Страница 19 из 23
Пу садится на дощатый пол на носу. Снимает сандалии и опускает ноги в воду, ледяную даже сейчас, в разгар лета, и течение засасывает их.
Когда паром отчаливает от пришвартованного к берегу покачивающегося плота, отец отходит от женщин в одноколке, берет деревянный шест, крепит его к тросу и помогает остальным мужчинам тащить паром через стремнину и топляки.
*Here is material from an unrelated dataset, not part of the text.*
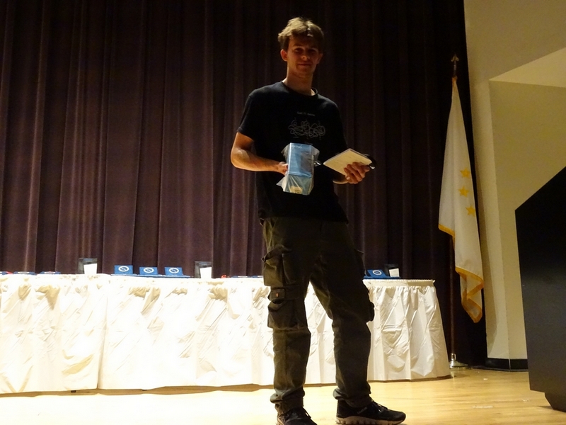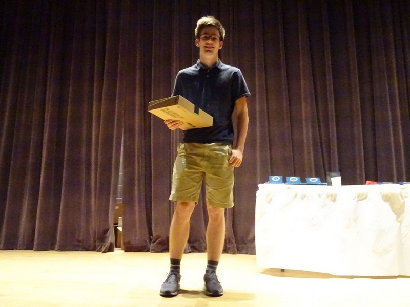 Po odmoru za malico (sendvič, piškot, jabolko, mala vrečka čipsa in plastenka vode) so se tekmovalci napotili v učilnice, kjer so imeli na razpolago eno uro za reševanje teoretičnih nalog. Po zaključku tekmovalnega dela smo počakali na rezultate. Ekipa Gimnazije Vič je v svoji tekmovalni kategoriji osvojila odlično drugo mesto (drugo mesto smo si delili z ekipo neke ameriške šole, ki je imela povsem enak dosežek). Tri ekipe smo imele enako število točk, a po pravilih tekmovanja se v takem primeru kot boljša šteje ekipa, ki je dosegla več točk na teoretičnem delu. Jon in Jakob pa sta prejela tudi posebni nagradi za individualni dosežek na teoretičnem delu. Razlike med ekipami so bile letos izjemno majhne. Najboljša ekipa je bila od naše ekipe boljša zgolj za eno točko. Prvih 10 ekip pa se je razlikovalo zgolj za 5 točk.

Пу перебирается еще ближе к краю, чтобы остудить комариные укусы под коленками. Внезапно кто-то хватает его за плечи и отшвыривает назад, сильная пощечина, еще одна. Отец разъярен: «Знаешь ведь, что я запретил! Не соображаешь, что тебя может утянуть под паром, и никто и не заметит?» Следует еще одна пощечина, значит, всего три. Пу смотрит на отца, он не плачет, нет только не здесь, перед этими чужими людьми. Он не плачет, но сгорает от ненависти: бандит чертов, вечно дерется, я убью его, вот вернусь домой, придумаю для него какую-нибудь мучительную смерть, он будет молить меня сжалиться, Гулко стучат бревна, журчит вода, палит солнце, в мозгу и глазах резь. Пу стоит в сторонке, но на виду. Женщины в одноколке, наблюдавшие за сценой кивают головами и перешептываются, сейчас говорит молодая. Пу не слышит ее слов, он видит женщин со спины, потому что отошел к краю кормы. Отец помогает тащить паром, изо всех сил работая деревянным шестом, он тоже зол, это заметно. Он сбросил пиджак и закатал рукава рубашки. Шляпа сдвинута на затылок.
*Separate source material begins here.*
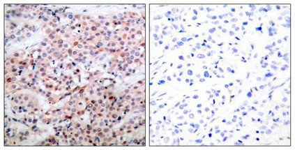 純化方式:Antibodies were produced by immunizing rabbits with synthetic phosphopeptide and KLH conjugates. Antibodies were purified by affinity-chromatography using epitope-specific phosphopeptide. Non-phospho specific antibodies were removed by chromatogramphy usi

Еще один взгляд в будущее.
— В чем моя вина?
Отец сидит за письменным столом, я — в потертом кожаном кресле в глубине комнаты. За окном — свинцово-серый зимний день без теней, на крышах и в воздухе снег. Отец поворачивается ко мне лицом, темный контур на фоне прямоугольника окна. Я с трудом различаю черты его лица, но хорошо слышу голос.
— В чем моя вина?
Он повторяет вопрос, а что я могу ответить? На столе лежит один из материных дневников.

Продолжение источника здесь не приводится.